False Advertising Claim Over Allegations That "Michael" Included Tracks by Jackson Imitator Can Proceed - Reason

Commercial advertising for fully protected speech is treated as "commercial speech," and can be restricted on a strict liability basis if it misleads consumers (at least in this sort of situation).

From today's unanimous decision of the California Supreme Court in Serova v. Sony Music Entm't, written by Justice Martin Jenkins:

Plaintiff Vera Serova purchased Michael, an album of music billed as Michael Jackson's first posthumous release. The album's back promised "9 previously unreleased vocal tracks performed by" the pop superstar, but Serova now thinks some of these tracks, the so-called Cascio tracks, feature a Jackson imitator. She asserts Michael's marketers misled her and violated two California consumer protection laws, the unfair competition law and the Consumers Legal Remedies Act, by misrepresenting the vocalist on the Cascio tracks through the album's packaging and in a promotional video….

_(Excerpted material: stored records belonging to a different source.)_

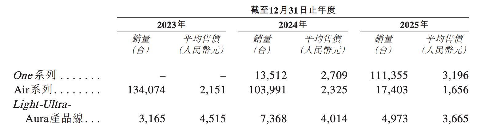 从销量和均价角度看,2025年One系列的平均售价为3196元、Air系列的平均单价为1656元、Light-Ultra-Aura产品线平均单价为3665元,销量分别为11.13万台、1.74万台、0.5万台。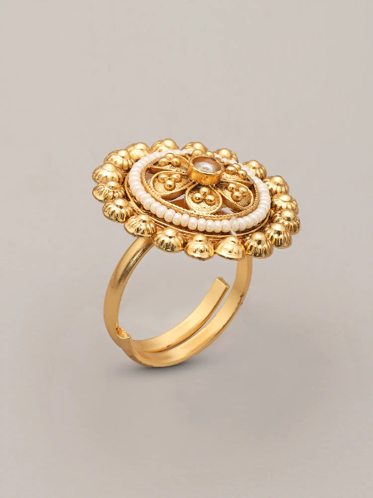 Superfine Sterling Silver Ring with Floral Turquoise Stone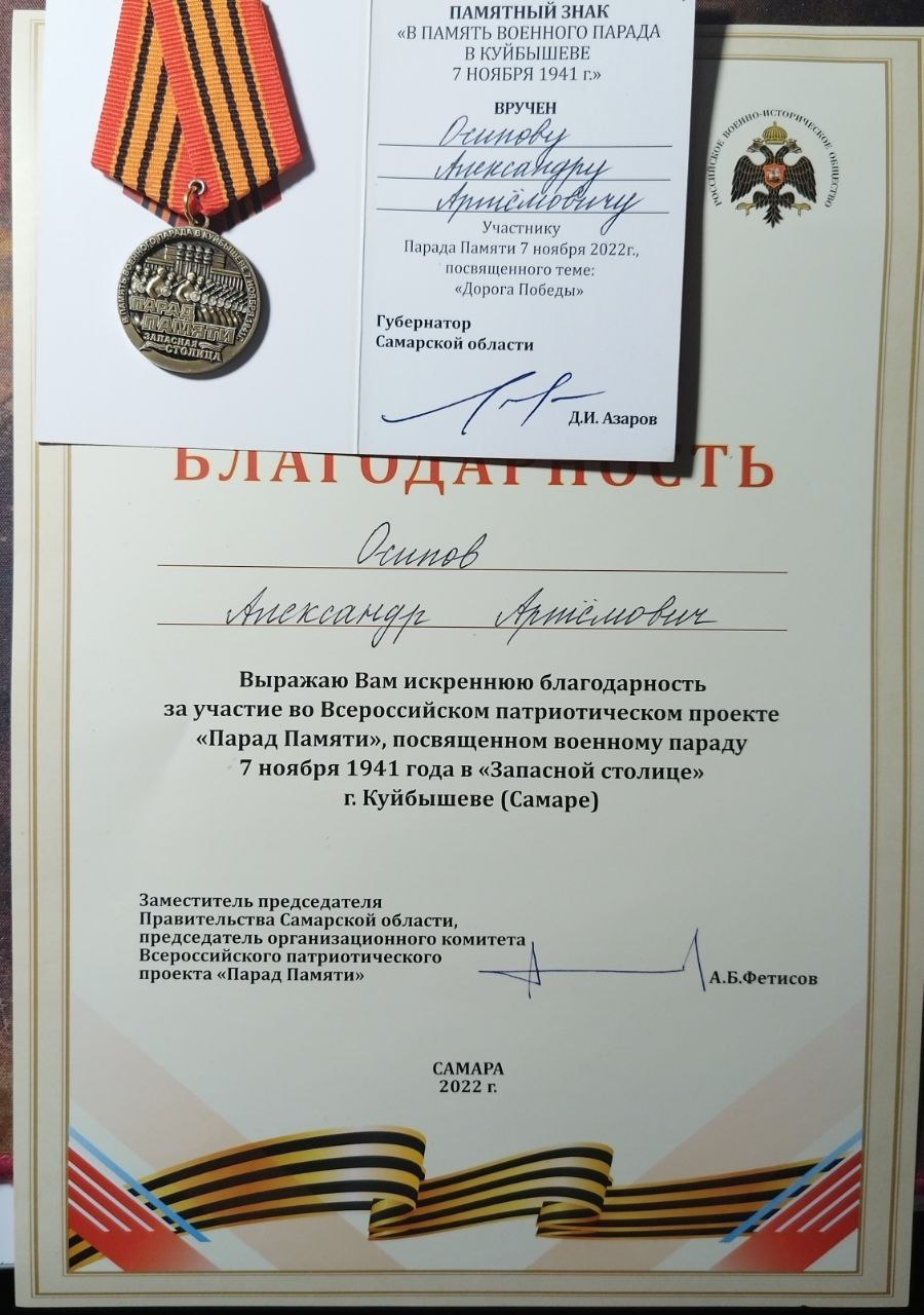 | Тип | Достижение | Описание: За участие в международном патриотическом проекте "Парад Памяти", посвященному военному параду 7 ноября 1941 года в городе Куйбышеве – «запасной столице» СССР в годы Великой Отечественной войны. Прохождение в составе парадного расчета Самарского филиала ВГУВТ по площади Куйбышева на Параде Памяти - « Дорогой победы» |

[The lower court held that, e]ven if the statements about Jackson's contributions were false, …. the First Amendment requires classifying them as noncommercial speech, a classification that would offer the statements greater protection from government regulation and, per the parties' agreement, put them beyond the reach of the consumer protection laws Serova invokes. The album marketers' statements were, in the court's view, noncommercial, because they "were directly connected to music that itself enjoyed full protection under the First Amendment" and "concerned a publicly...



Read Full Story: https://reason.com/volokh/2022/08/18/false-advertising-claim-over-allegations...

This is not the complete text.